2. Haunted Knight (1995), The Long Halloween (1997) and Dark Victory (2001). Writer: Jeph Loeb. Artist: Tim Sale.

A Manhattan-phone-book-thick, satisfying trilogy that owes more to The Godfather than to Super Friends. This is the story of how crime dons such as Falcone and Sal "Boss" Maroni (played by Eric Roberts in Knight) got phased out by the masked freaks who came to define the Gotham underworld. Loeb and Sale, two of the creative forces behind NBC's Heroes, also explore how Batman, Gordon and district attorney Harvey Dent interact--in a way that foreshadows The Dark Knight--and present nuggets about how the mob launders and stores its cash, which presages subplots in Knight.

3. "The Joker's Five-Way Revenge", Batman number 251 (1973). Writer: Denny O'Neal. Artist: Neal Adams. Reprinted in Batman: The Greatest Stories Ever Told, The Greatest Joker Stories Ever Told and Batman Illustrated by Neal Adams Volume 3.

After Batman became a joke in the wake of the Adam West Batman TV show, it was the team of O'Neal and Adams who made Batman cool, mysterious and scary again. This was the team's re-invention of the Joker, who'd degenerated into not much more than a prankster and a vandal. In this pivotal story, the Joker is restored to the vicious psychopath he originally was in the early days of Batman mythology. Without this gem, the Joker would still just be defacing art galleries. It's impossible to imagine Heath Ledger's Joker without this mini-epic.

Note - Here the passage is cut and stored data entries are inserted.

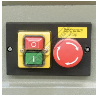
Safety Magnetic Switch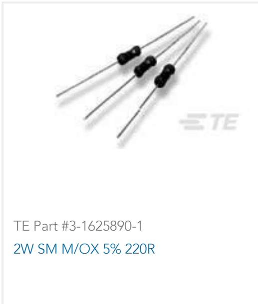
TE Part #3-1625890-1 2W SM M/OX 5% 220R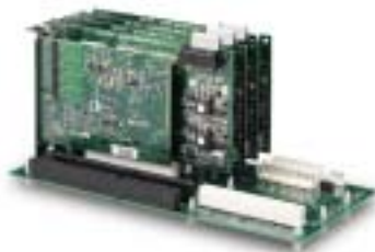
SSI bus cable for multiple cards synchronization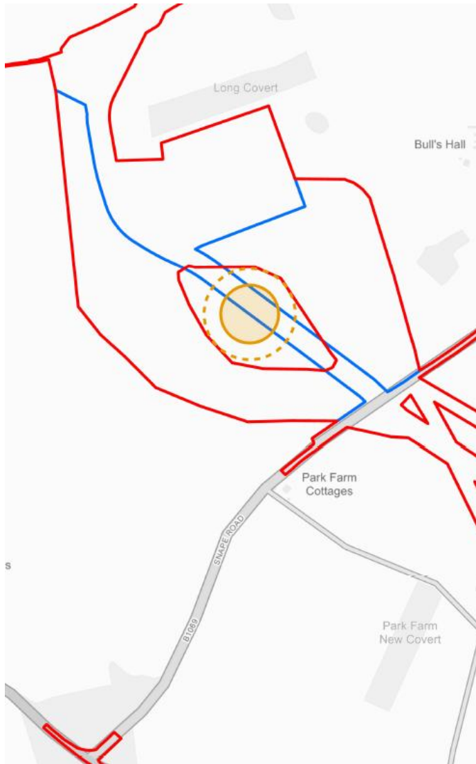
Image 1: Proposed order limit change by National Grid (blue to red)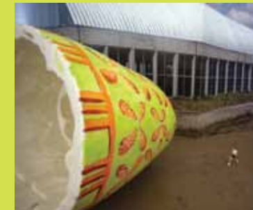
Lubaina Himid 'Jelly Mould Pavilions' 2009-10, Acrylic on ceramic, Dimensions variable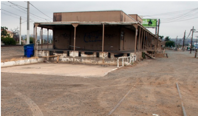
The NC&O tracks are still visible at the old Palm City depot along Hollister Street.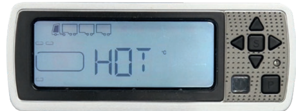
HIGH TEMPERATURE ALARM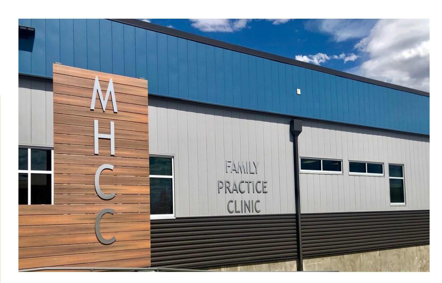
Memorial Hospital of Carbon County Family Practice Clinic in Rawlins, WY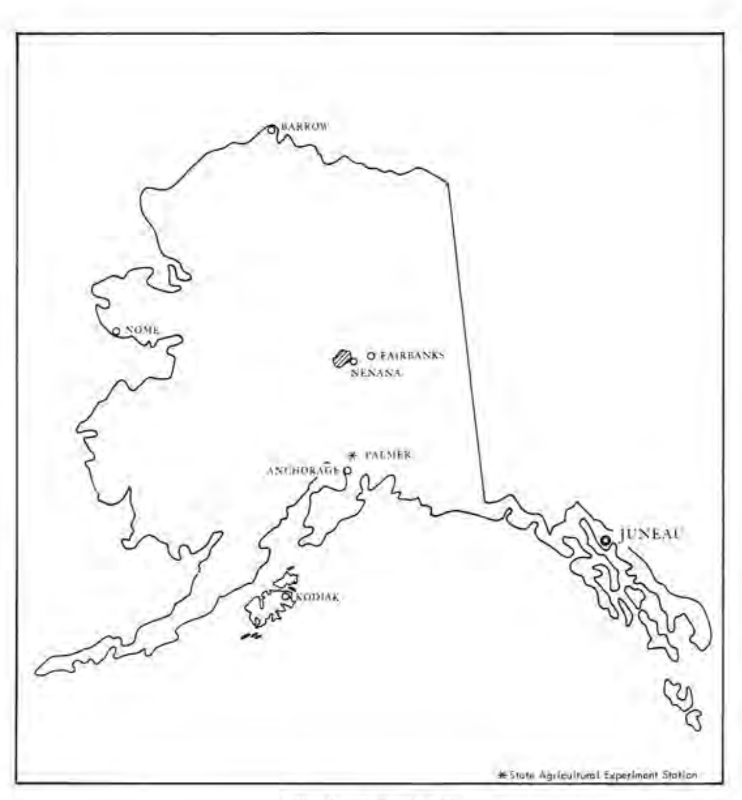
Location of Totohaket Area in Alaska.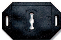
Heavy moulded stabilizer 432 x 686 mm (17 x 27") 19,5 kg (43 lbs) #33043-VRB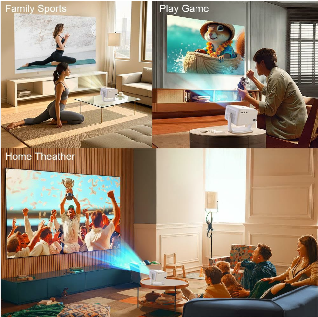
Image 3: Examples of the TP350 NTV Smart Projector in different settings, such as for family sports, gaming, and creating a home theater experience.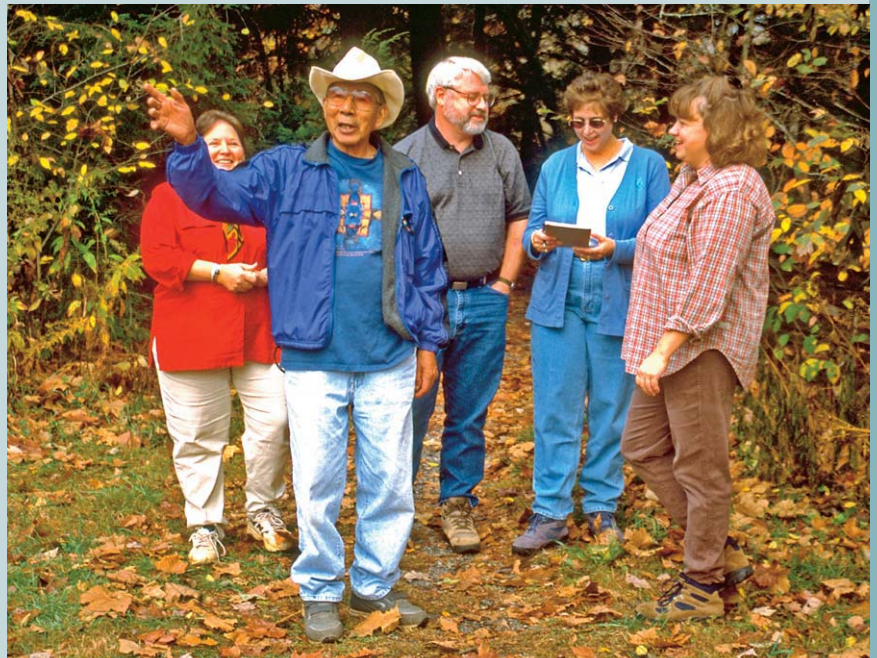
FIGURE 5 Cherokee elder pointing out buzzards on the Oconaluftee River Trail.

for a wide variety of people and groups, ranging from small to large. Many, such as the San Francisco Peaks in Arizona or Ausangate in Peru, are important primarily to local communities or indigenous peoples. Others, such as Kailas and Sinai, have regional, national, or even international importance. They may be revered by the people of an entire nation or by a major religious tradition with adherents around the world, such as Christianity, Judaism, and Buddhism. Similarly, caretakers and custodians of mountains and mountain sites may be local or they may come from far away or belong to a religious order responsible for many different shrines. Efforts to conserve the environmental integrity and cultural diversity associated with sacred mountains need to take into account and involve the many diverse peoples and traditions that revere and care for them.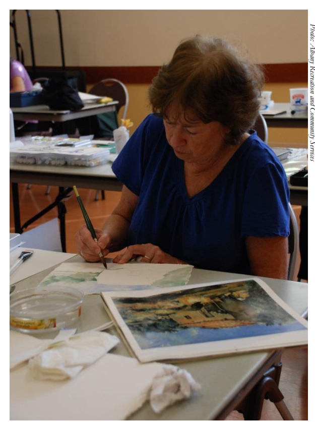
Recreation and Community Services Drawing Class

In general, maintenance and rehabilitation needs have increased due to aging equipment and higher facility usage. The City relies on the General Fund to cover most of these costs. Larger expenses, including major park renovations and new facilities, may be funded through the Capital Facilities Fund or through bond measures.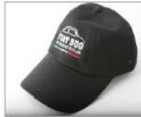
Black Baseball Cap Baseball cap with the club logo in contrast stitching. £12.50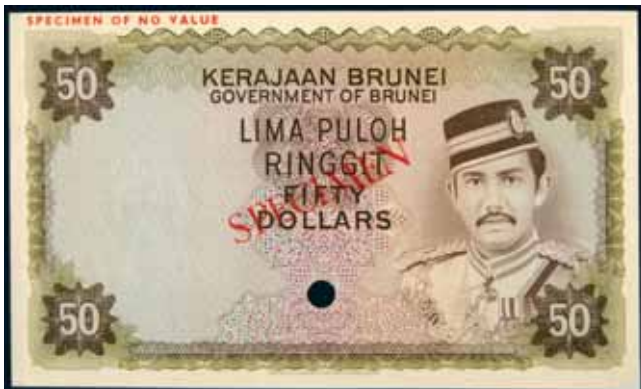
Lot 2414 part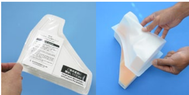
1. Open the CVC pad.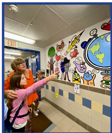
Bronxville Promise Mural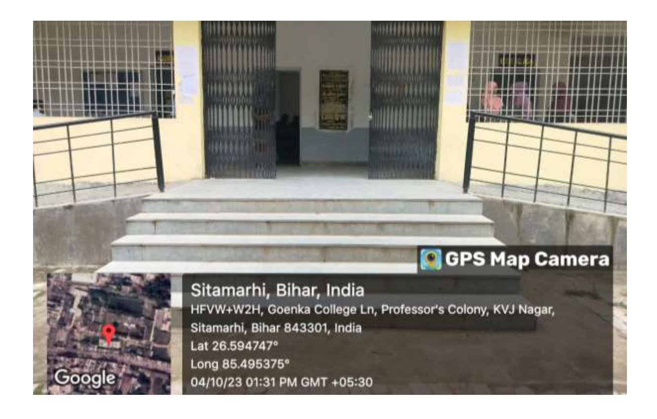
Fig 2 Neat & Clean Arts and Commerce Block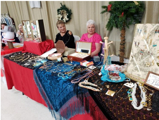
2nd Hand Rose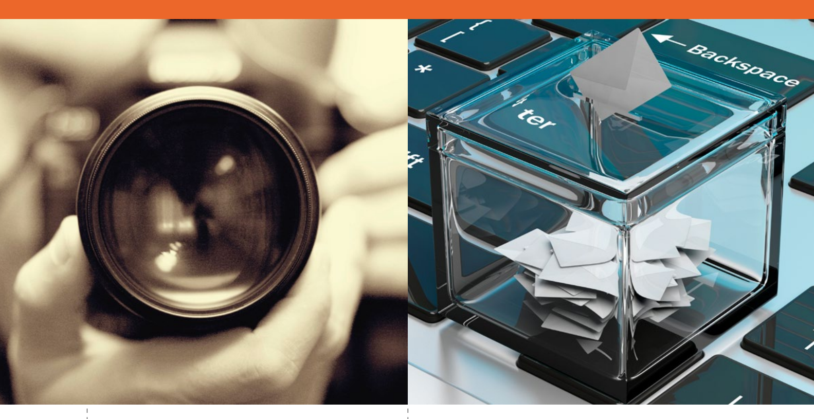
Council of Europe study DGI(2017)11

Study on the use of internet in electoral campaigns

4. Face the Face (2006). Writer: James Robinson. Artists: Don Kramer and Leonard Kirk.

A really good whodunit that explores the complex relationship between Batman and Harvey Dent, who becomes the villainous, dichotomy-obsessed Two-Face. Harvey's cured (or is he?) and becomes a protector of Gotham (or does he?). But somebody is killing off Gotham's minor-league villains in a way that mirrors Two-Face's style. If you think Harvey's relationship with Batman is hard to figure out, check out his relationship with himself. The Dark Knight makes a lot out of Harvey's goodness and what it means to Gotham. Face the Face does, too.

5. The Killing Joke (1988). Writer: Alan Moore. Artist: Brian Bolland.

The origin of the Joker, in which he's disfigured and driven nuts after a chemical bath, is retold with a twist in this, one of the most intense graphic novels to try to crack the psychology of the Joker. Featuring a plotline that had legions of fans stunned with "I-can't-believe-they-went-there" post-traumatic stress disorder. Never has the Joker been more sympathetic or vicious. Cited by Ledger as a basis for his Joker role. A classic that's still controversial after 20 years.

6. Gotham Central: Half a Life (2003) and Gotham Central: Soft Targets (2004). Writers, Greg Rucka (Half a Life) and Rucka & Ed Brubaker (Soft Targets). Artists: various. Collected in the graphic novels Half a Life and Unresolved Targets.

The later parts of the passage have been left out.